Exercise goal: When you reach the line that contains "明治維新から延暦時代へさかの" below, transcribe it and each line after it word for word to the end of the records, omitting pictures.

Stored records
++++++++
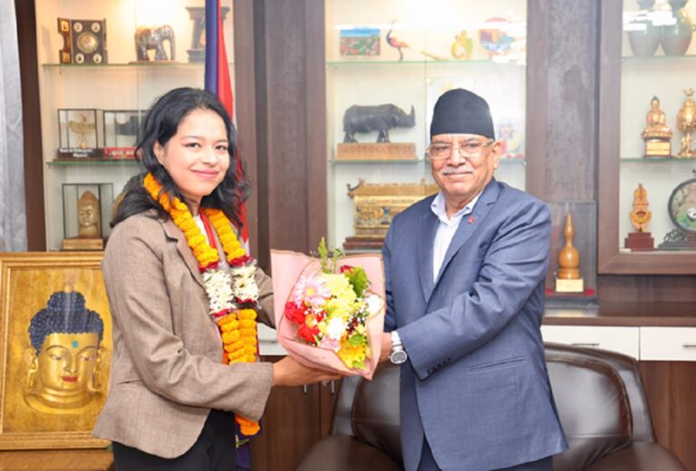 काठमाडौँ, २१ भदौ । पूर्वप्रधानमन्त्री एवं नेपाल कम्युनिष्ट पार्टी (माओवादी केन्द्र) का अध्यक्ष पुष्पकमल दाहाल ‘प्रचण्ड’ले पाराओलम्पिकमा कास्य पदक विजेता पलेशा गोवर्धनलाई सम्मान गरेका छन् ।
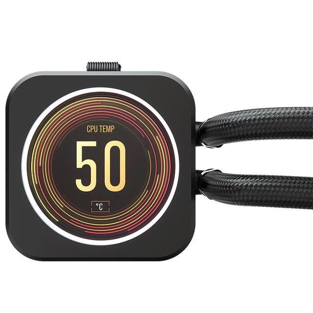 H150i ELITE LCD相较于去年推出的iCUE ELITE CAPELLIX精英版散热器,最大的区别就是其采用了全新的水冷头设计,将RGB顶盖升级为了一块2.1英寸的圆形IPS LCD显示屏,这块屏幕拥480×480的分辨率以及600cd/m2的超高亮度,高分辨率可以带来更加精细的显示效果,而高亮度则能让水冷头在“光污染”严重的机箱内部依然能保持相当高的辨识度,不至于被本就拥有亮度优势的RGB灯效盖过风采。另外,屏幕周围还配备了由24颗可独立寻址灯珠组成的RGB灯环,通过专用的CORSAIR iCUE软件独立控制屏幕显示内容与灯环的灯光效果。
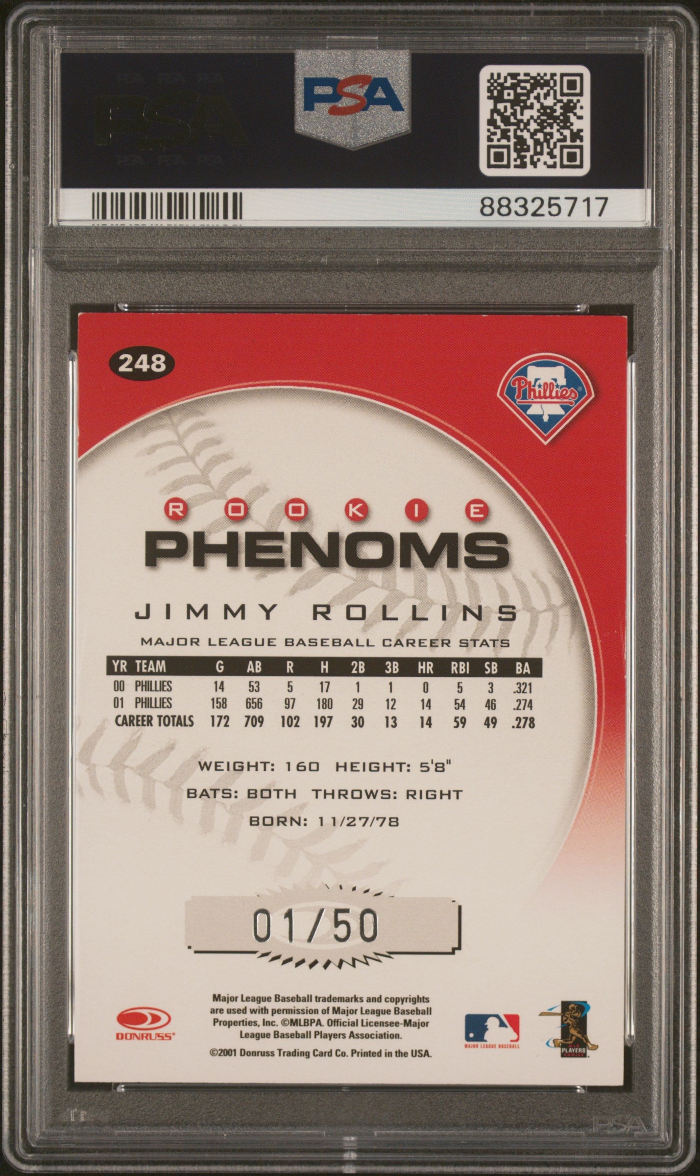 2001 Donruss Jimmy Rollins First Class Rookie 1/50 PSA 7 POP 1
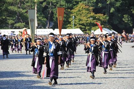 明治維新から延暦時代へさかのぼって、順次風俗、文物の変遷を再現。現在は18列、2000人に達し行列の長さは2キロに及ぶ壮大な行列になりました。
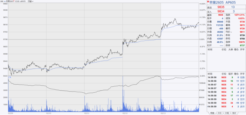 当周(2026年2月9日-2月13日),AP2605合约价格连续上涨,周内累计涨幅达3.14%。
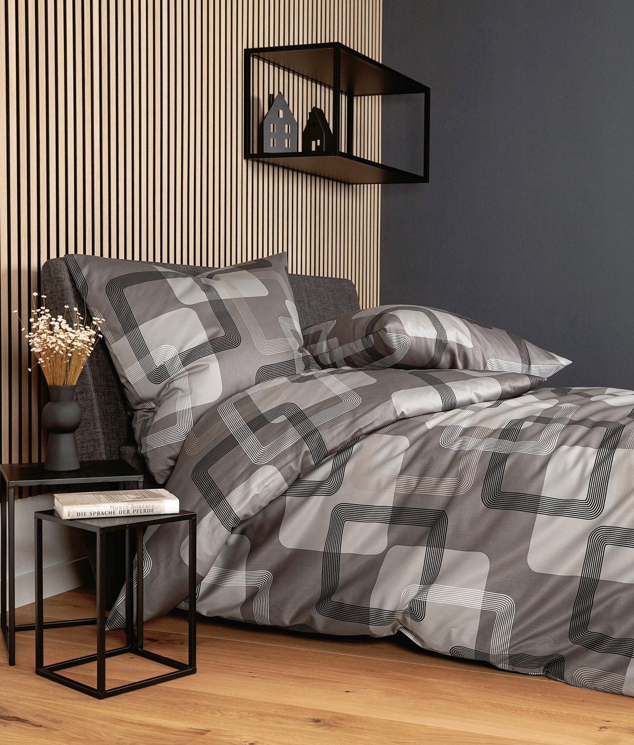 Die Mako-Satin-Bettwäsche MILOU von Janine in Braun und Grau bietet mit 135 x 200 cm ultimativen Komfort. Hergestellt aus 100 % Baumwolle mit grafischem Design, ist sie mit einem Reißverschluss ausgestattet. Eine stilvolle und praktische Ergänzung für jedes Schlafzimmer.
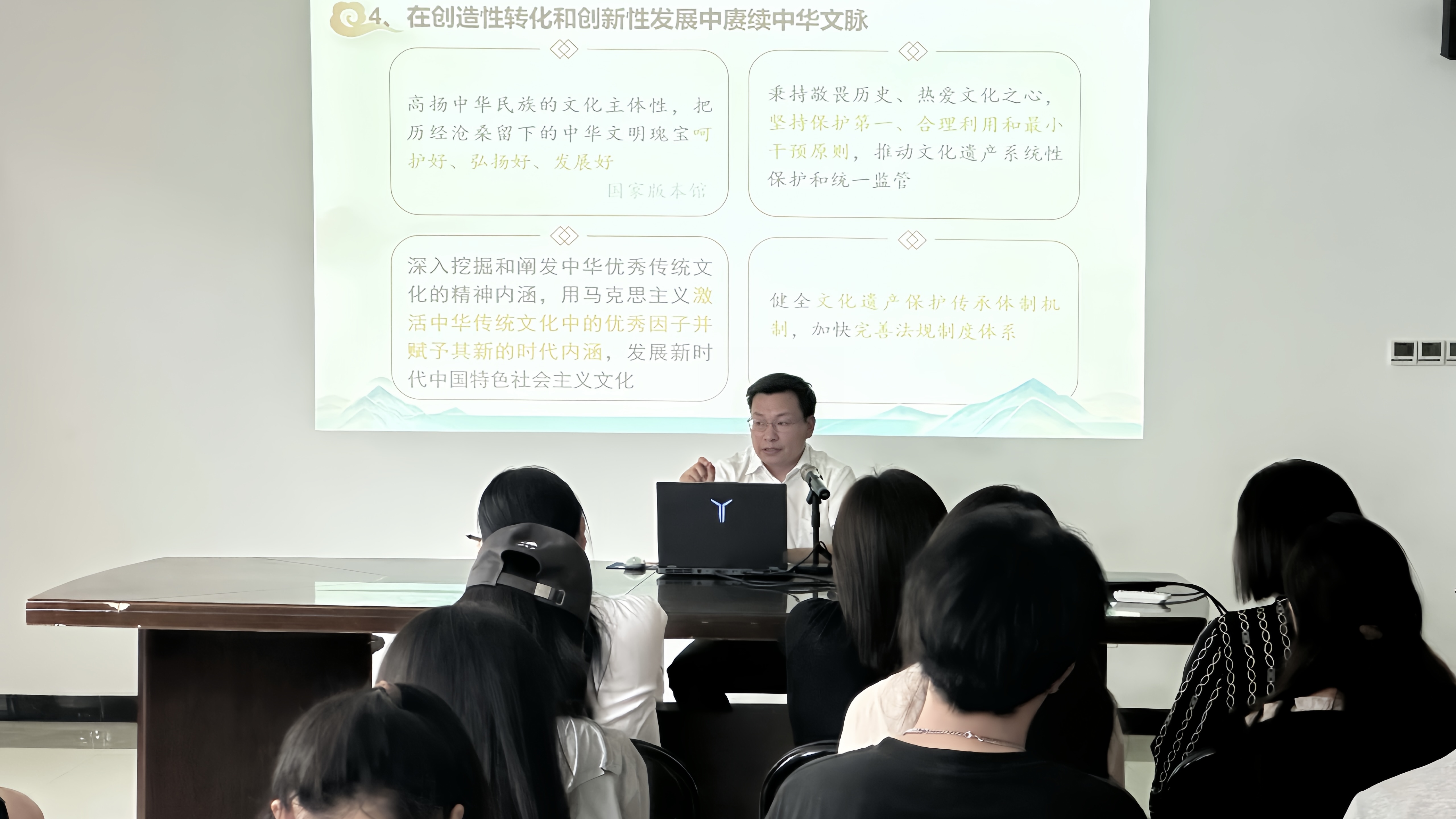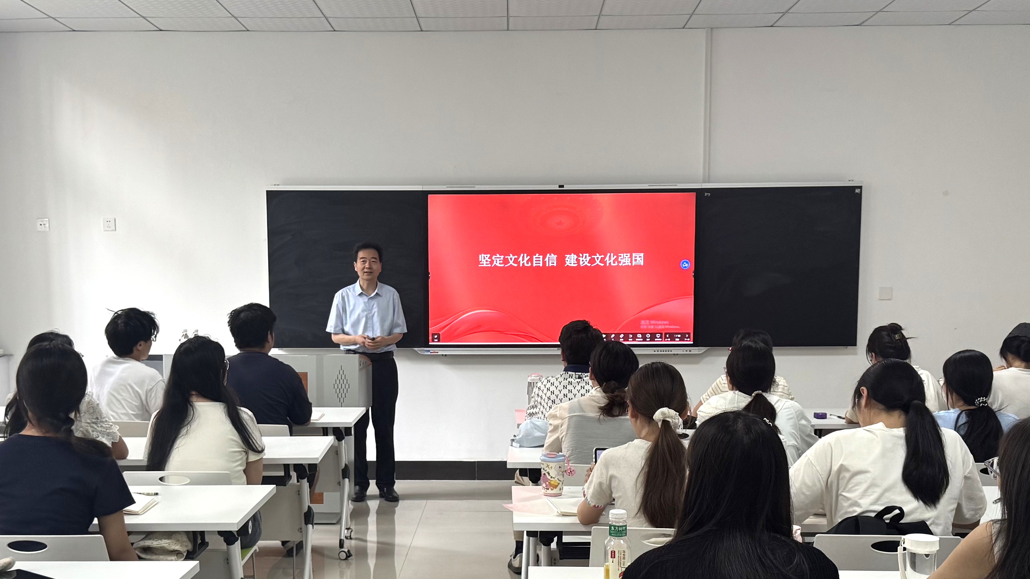 6月11日、6月13日,党委副书记、校长陈向炜分别在汉梁楼112教室、三商楼357会议室为教师教育学院和经济管理学院学生代表讲授题为《坚定文化自信 建设文化强国》的思政课。陈向炜从为什么建设中国特色社会主义文化、为什么要坚持马克思主义在意识形态领域指导地位的根本制度、为什么要用社会主义核心价值观凝心聚力、如何铸就社会主义文化新辉煌四个方面进行系统讲解,深入阐述了坚定文化自信、建设社会主义文化强国的重大意义与实践路径。他强调文化自信是一个国家、一个民族发展中最基本、最深沉、最持久的力量,文化兴国运兴,文化强民族强。青年作为国家的未来和民族的希望,要以高度的文化自觉,主动学习和传承中华文化。在坚定文化自信的同时,青年更要立足专业所长,勇做创新先锋,积极推动中华优秀传统文化创造性转化、创新性发展,为建设文化强国贡献青年力量。
++++++++
Task output:
 明治維新から延暦時代へさかのぼって、順次風俗、文物の変遷を再現。現在は18列、2000人に達し行列の長さは2キロに及ぶ壮大な行列になりました。
 当周(2026年2月9日-2月13日),AP2605合约价格连续上涨,周内累计涨幅达3.14%。
 Die Mako-Satin-Bettwäsche MILOU von Janine in Braun und Grau bietet mit 135 x 200 cm ultimativen Komfort. Hergestellt aus 100 % Baumwolle mit grafischem Design, ist sie mit einem Reißverschluss ausgestattet. Eine stilvolle und praktische Ergänzung für jedes Schlafzimmer.
 6月11日、6月13日,党委副书记、校长陈向炜分别在汉梁楼112教室、三商楼357会议室为教师教育学院和经济管理学院学生代表讲授题为《坚定文化自信 建设文化强国》的思政课。陈向炜从为什么建设中国特色社会主义文化、为什么要坚持马克思主义在意识形态领域指导地位的根本制度、为什么要用社会主义核心价值观凝心聚力、如何铸就社会主义文化新辉煌四个方面进行系统讲解,深入阐述了坚定文化自信、建设社会主义文化强国的重大意义与实践路径。他强调文化自信是一个国家、一个民族发展中最基本、最深沉、最持久的力量,文化兴国运兴,文化强民族强。青年作为国家的未来和民族的希望,要以高度的文化自觉,主动学习和传承中华文化。在坚定文化自信的同时,青年更要立足专业所长,勇做创新先锋,积极推动中华优秀传统文化创造性转化、创新性发展,为建设文化强国贡献青年力量。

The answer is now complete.